Try to add a single quote in your rule to see if it passes by making this change,
<squote><squote> => <squote>{1,2}
If I remember it correctly, one difference between N and G literals is that G allows single quote. Your regular expression doesn't allow that.
EDIT: I thought you got all other DBCS literals working and just having issues with G-string so I just pointed out the difference between N and G. Now I took a closer look at your RE. It has problems.

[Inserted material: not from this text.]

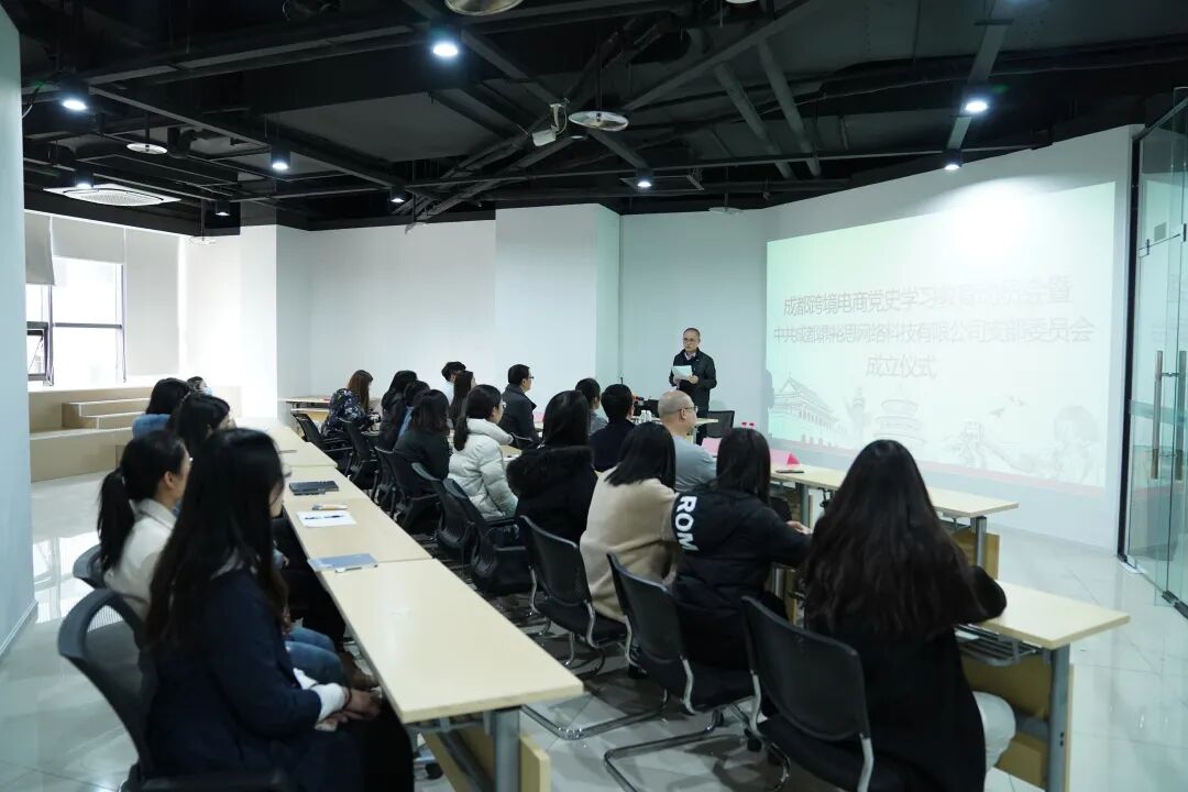 2月26日,成都跨境电商党史学习教育动员会暨鼎裕思党支部成立仪式在成都鼎裕思网络科技有限公司党建活动室成功举行,认真学习贯彻习近平总书记在党史学习教育动员大会上的重要讲话精神,部署开展跨境电商行业党史学习教育工作。

In the Cobol I used, you can mix ASCII with Japanese, for example,
G"ABC<ヲァィ>" <> are Shift-out/shift-in
You RE assumes the DBCS only. I would loose this restriction and try again.
I don't think it's possible to handle G literals entirely in regular expression. There is no way to keep track of matching quotes and SO/SI with a finite state machine alone. Your RE is so complicated because it's trying to do the impossible. I would just simplify it and take care of mismatching tokens manually.
You could also face encoding issues. The code could be in EBCDIC (Katakana) or UTF-16, treating it as ASCII will not work. SO/SI sometimes are converted to 0x1E/0x1F on Windows.
I am just trying to help you shoot in the dark without seeing the actual code :)
Does <NotLineOrParagraphSeparatorNorApostropheNorShiftInNorShiftOut> also include single and double quotation marks, or just apostrophes? That would be a problem, as it would consume the literal closing character sequence >' ...
I would check the definition of all other macros to make sure. The only obvious problem that I can see is the <squote><squote> that you already seem to be aware of.